TASK GOAL. A picture should never appear in your copy. Transcribe the listing exactly from its first line through the line with "Nuestro centro cuenta", both ends included.

EXTRACTED DATA.
········

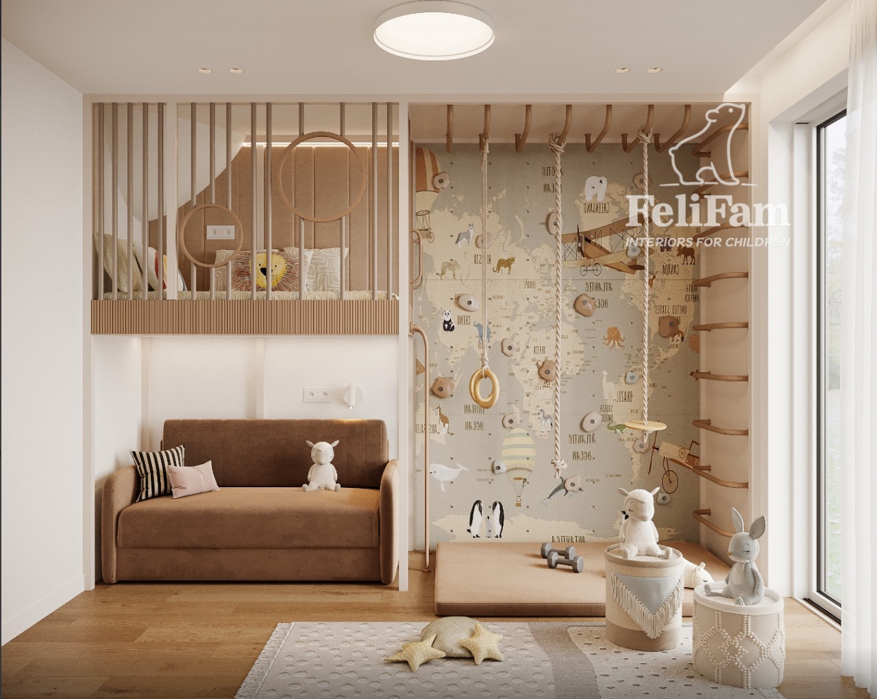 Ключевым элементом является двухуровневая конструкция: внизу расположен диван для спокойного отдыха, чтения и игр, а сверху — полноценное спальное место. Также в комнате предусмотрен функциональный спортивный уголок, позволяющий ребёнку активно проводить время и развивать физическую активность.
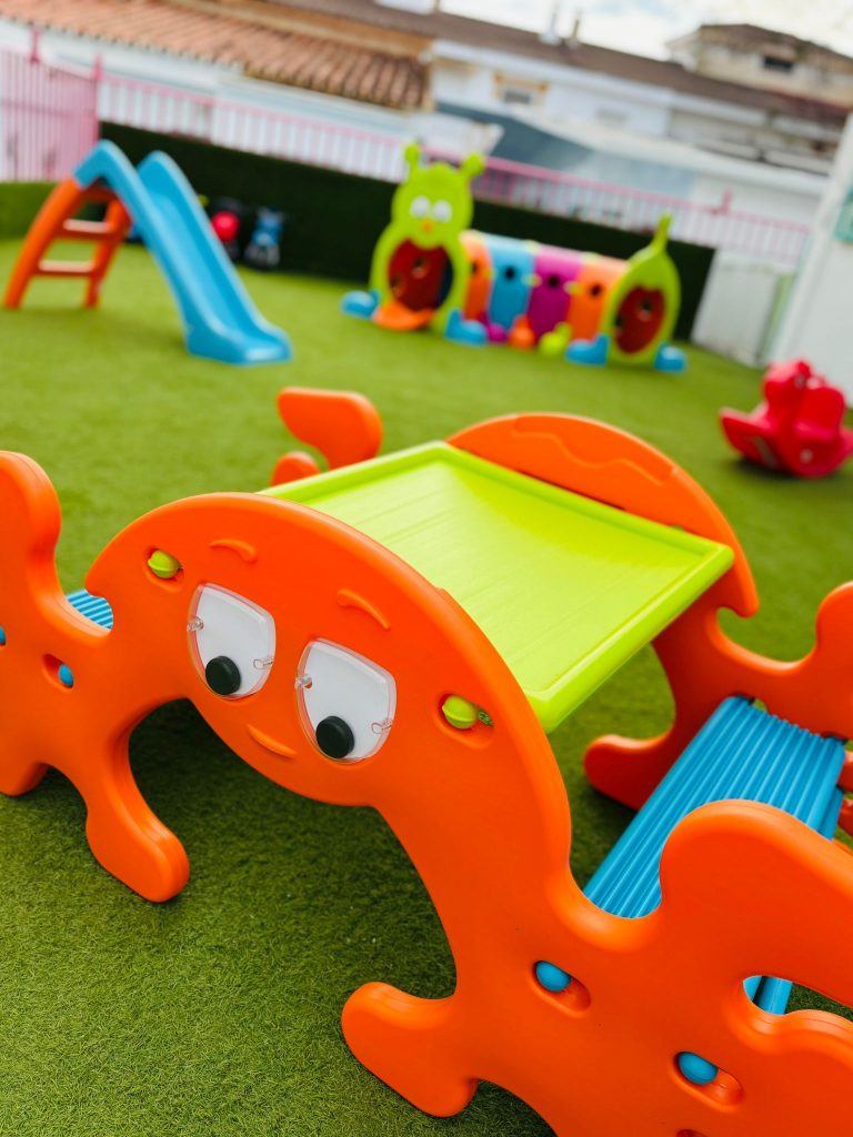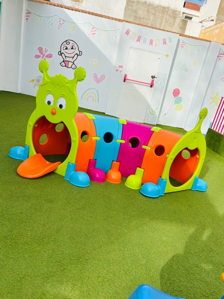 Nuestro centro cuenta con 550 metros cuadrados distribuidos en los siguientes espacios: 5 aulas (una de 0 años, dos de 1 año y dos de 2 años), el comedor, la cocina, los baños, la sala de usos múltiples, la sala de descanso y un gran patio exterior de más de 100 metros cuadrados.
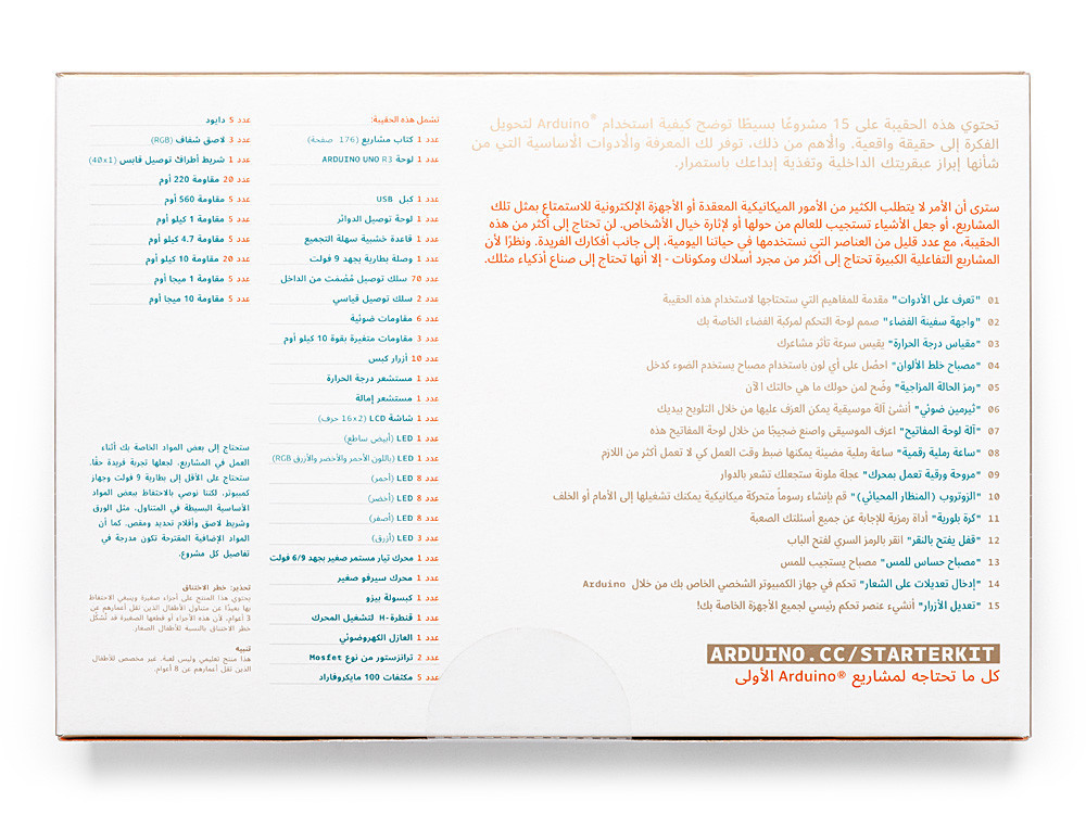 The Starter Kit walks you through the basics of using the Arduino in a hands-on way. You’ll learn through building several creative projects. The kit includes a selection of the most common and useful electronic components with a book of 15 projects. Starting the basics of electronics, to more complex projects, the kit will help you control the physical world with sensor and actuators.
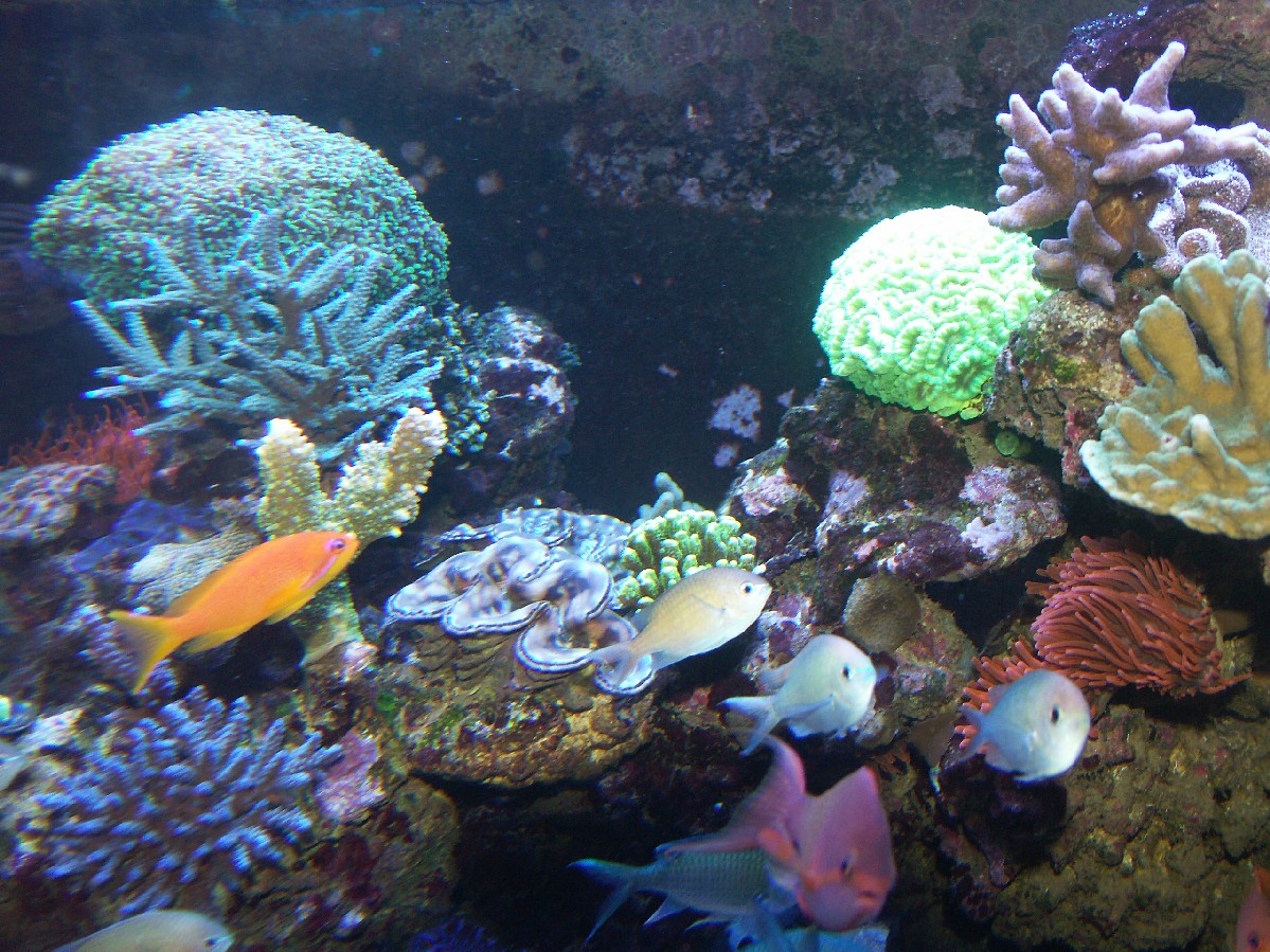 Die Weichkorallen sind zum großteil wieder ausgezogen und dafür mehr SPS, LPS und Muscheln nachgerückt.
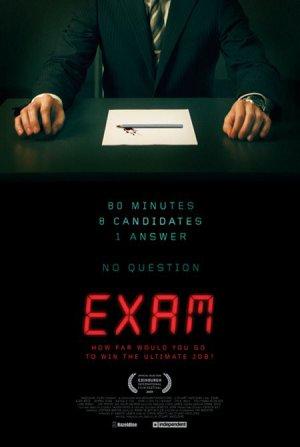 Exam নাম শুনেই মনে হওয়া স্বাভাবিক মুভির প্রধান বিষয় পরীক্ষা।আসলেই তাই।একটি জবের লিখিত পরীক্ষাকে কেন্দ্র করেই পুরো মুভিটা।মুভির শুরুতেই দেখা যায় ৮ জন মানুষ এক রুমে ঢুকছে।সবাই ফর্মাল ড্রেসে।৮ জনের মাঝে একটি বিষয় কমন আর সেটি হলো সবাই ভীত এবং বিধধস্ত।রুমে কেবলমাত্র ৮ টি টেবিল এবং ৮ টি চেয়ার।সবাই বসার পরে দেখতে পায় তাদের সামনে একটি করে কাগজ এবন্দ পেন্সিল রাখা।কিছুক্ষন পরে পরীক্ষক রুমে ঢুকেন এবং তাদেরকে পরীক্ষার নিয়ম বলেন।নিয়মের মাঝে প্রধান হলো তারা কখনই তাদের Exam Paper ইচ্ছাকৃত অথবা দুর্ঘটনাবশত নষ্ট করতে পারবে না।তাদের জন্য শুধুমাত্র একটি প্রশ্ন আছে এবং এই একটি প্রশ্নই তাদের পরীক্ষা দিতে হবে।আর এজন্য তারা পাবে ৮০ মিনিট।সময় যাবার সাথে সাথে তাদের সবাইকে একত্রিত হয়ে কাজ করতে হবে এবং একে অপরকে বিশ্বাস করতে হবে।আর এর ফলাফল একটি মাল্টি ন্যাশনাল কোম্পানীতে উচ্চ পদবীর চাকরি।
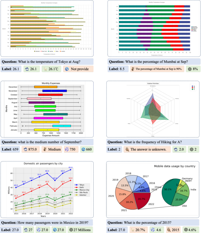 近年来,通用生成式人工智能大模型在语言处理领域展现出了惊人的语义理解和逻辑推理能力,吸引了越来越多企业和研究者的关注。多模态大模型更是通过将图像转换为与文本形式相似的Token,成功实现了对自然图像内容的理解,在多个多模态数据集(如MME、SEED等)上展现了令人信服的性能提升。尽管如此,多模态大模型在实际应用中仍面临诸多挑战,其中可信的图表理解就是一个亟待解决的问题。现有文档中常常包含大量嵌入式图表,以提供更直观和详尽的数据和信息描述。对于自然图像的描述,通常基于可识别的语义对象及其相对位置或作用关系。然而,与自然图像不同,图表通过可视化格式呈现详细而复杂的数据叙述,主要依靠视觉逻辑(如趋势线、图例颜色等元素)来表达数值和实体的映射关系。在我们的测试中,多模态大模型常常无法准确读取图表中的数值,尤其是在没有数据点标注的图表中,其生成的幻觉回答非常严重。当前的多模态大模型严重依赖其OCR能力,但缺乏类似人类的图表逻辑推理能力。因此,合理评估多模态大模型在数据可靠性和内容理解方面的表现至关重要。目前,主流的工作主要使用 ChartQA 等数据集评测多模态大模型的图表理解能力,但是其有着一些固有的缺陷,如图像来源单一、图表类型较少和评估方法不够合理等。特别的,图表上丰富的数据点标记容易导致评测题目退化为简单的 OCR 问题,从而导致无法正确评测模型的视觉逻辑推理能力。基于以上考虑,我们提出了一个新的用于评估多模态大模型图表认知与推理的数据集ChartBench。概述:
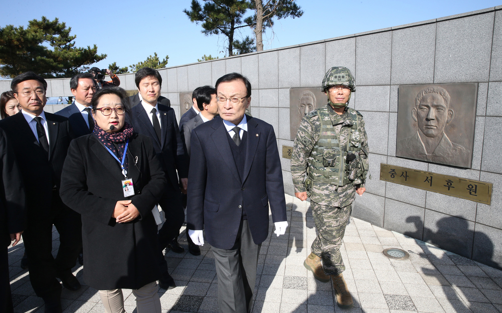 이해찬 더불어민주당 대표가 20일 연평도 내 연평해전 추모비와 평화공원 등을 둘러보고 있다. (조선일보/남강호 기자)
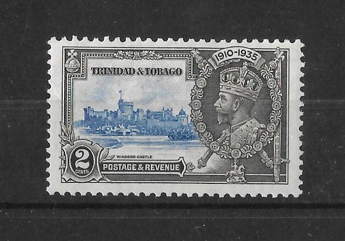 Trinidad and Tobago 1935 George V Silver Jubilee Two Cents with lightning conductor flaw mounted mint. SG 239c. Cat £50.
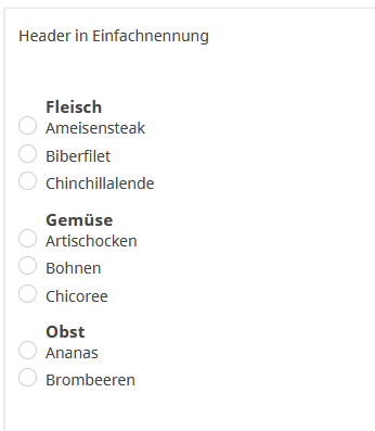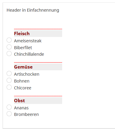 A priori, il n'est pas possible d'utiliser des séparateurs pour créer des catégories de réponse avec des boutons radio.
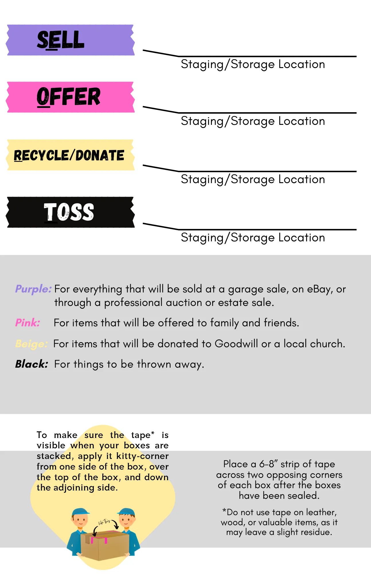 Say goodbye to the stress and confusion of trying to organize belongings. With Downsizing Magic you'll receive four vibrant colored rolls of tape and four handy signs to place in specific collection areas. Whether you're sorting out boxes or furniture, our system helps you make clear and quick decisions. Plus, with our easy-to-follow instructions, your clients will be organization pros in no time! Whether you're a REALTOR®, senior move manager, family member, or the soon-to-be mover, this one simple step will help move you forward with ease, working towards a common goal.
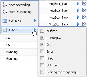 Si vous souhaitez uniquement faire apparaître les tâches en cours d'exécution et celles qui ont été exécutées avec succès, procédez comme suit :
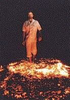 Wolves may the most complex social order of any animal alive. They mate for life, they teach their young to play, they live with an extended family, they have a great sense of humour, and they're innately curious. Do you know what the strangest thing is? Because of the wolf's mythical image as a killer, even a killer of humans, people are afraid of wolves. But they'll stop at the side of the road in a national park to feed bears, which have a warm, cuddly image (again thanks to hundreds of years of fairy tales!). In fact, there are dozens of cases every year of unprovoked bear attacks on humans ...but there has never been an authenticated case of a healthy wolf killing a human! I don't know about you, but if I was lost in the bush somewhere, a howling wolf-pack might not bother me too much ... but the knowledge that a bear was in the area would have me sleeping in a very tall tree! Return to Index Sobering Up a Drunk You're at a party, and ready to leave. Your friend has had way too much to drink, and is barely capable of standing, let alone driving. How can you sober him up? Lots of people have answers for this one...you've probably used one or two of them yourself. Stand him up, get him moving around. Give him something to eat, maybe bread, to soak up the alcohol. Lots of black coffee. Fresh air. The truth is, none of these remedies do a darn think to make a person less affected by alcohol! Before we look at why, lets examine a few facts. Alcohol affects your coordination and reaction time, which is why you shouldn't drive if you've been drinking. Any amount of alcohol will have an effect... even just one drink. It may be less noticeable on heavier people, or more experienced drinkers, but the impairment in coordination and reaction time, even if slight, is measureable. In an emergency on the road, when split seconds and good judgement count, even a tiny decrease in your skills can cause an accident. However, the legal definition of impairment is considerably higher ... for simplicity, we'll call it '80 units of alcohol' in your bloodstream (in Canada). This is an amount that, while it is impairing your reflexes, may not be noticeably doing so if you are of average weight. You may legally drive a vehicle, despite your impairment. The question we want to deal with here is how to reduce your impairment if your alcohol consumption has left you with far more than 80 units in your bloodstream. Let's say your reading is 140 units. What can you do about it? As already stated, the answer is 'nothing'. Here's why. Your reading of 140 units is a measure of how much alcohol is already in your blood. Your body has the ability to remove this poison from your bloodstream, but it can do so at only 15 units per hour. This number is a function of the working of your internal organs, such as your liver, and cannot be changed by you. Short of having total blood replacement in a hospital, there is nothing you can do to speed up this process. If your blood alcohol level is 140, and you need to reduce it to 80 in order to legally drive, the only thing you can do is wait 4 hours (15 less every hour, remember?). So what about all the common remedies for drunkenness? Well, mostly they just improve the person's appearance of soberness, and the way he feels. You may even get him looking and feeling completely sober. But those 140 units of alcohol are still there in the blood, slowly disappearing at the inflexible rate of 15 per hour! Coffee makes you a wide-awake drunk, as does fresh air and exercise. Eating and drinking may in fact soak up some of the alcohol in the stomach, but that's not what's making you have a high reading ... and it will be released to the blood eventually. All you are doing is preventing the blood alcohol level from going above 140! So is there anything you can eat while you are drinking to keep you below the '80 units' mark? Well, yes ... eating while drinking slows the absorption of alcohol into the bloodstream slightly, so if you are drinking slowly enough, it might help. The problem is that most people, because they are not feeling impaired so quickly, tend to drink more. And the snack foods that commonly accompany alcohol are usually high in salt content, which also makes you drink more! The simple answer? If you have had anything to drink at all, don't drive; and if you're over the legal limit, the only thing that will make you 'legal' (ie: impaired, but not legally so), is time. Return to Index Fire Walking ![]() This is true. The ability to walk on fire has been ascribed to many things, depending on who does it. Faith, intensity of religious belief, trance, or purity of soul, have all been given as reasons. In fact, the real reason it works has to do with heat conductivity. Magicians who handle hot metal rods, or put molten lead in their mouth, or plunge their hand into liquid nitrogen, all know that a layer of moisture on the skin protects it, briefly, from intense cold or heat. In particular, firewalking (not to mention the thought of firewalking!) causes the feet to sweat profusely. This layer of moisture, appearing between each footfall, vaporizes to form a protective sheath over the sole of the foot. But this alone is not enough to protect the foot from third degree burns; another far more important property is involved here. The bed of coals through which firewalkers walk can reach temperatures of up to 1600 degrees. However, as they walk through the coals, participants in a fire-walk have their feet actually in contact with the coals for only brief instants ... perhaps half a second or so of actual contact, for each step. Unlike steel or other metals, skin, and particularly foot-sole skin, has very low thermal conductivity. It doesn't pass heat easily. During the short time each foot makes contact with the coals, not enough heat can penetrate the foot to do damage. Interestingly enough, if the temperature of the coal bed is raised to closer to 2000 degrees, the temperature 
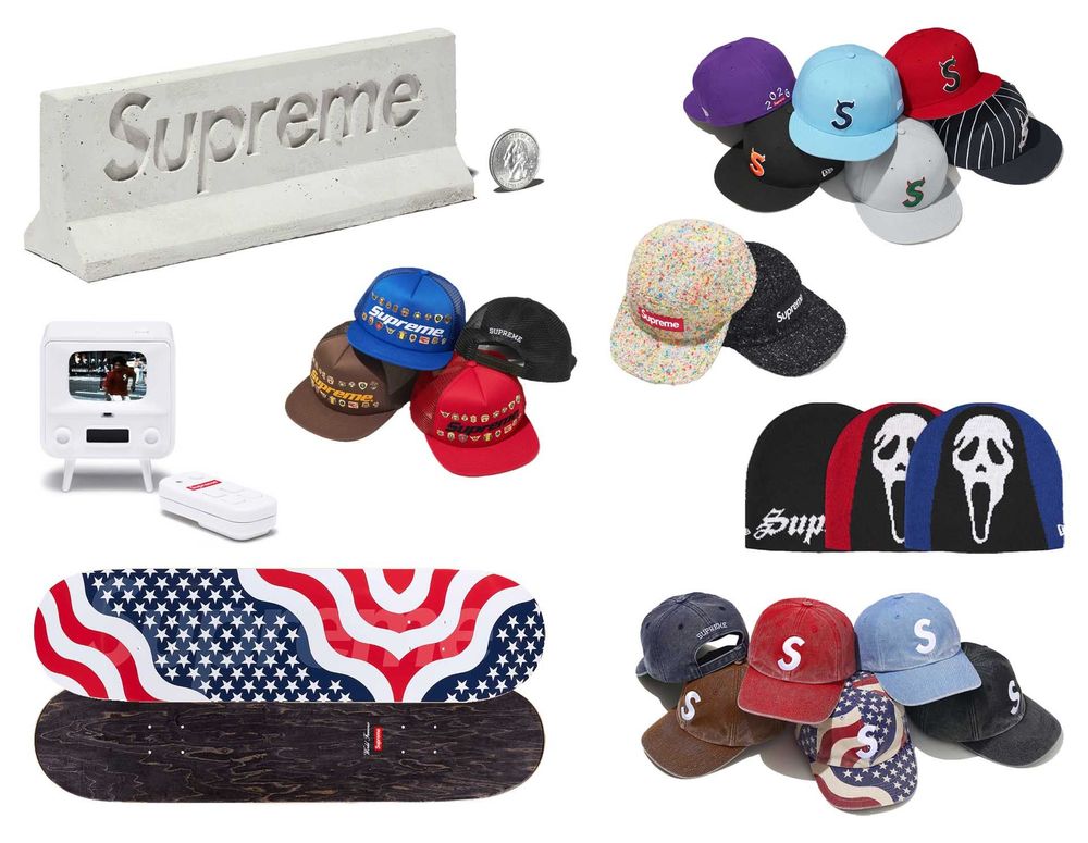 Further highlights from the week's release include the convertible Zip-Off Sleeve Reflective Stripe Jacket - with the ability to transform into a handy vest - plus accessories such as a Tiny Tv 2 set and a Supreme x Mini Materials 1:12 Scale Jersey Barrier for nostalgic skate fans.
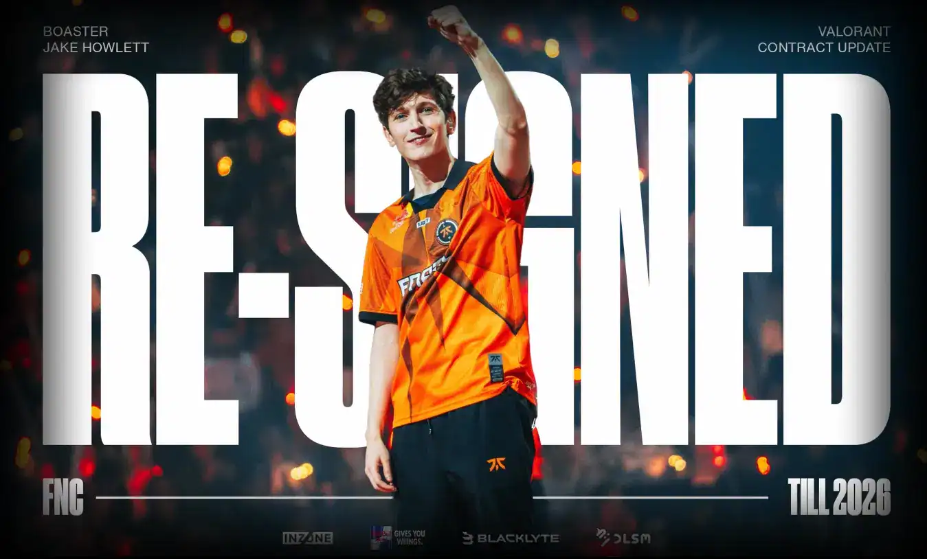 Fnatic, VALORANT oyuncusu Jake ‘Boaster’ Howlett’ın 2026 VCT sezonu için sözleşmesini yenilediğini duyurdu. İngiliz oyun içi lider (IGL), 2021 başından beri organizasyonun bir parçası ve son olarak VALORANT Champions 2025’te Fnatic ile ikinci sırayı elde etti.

········

RESPONSE TO THIS TASK.
 Ключевым элементом является двухуровневая конструкция: внизу расположен диван для спокойного отдыха, чтения и игр, а сверху — полноценное спальное место. Также в комнате предусмотрен функциональный спортивный уголок, позволяющий ребёнку активно проводить время и развивать физическую активность.
 Nuestro centro cuenta con 550 metros cuadrados distribuidos en los siguientes espacios: 5 aulas (una de 0 años, dos de 1 año y dos de 2 años), el comedor, la cocina, los baños, la sala de usos múltiples, la sala de descanso y un gran patio exterior de más de 100 metros cuadrados.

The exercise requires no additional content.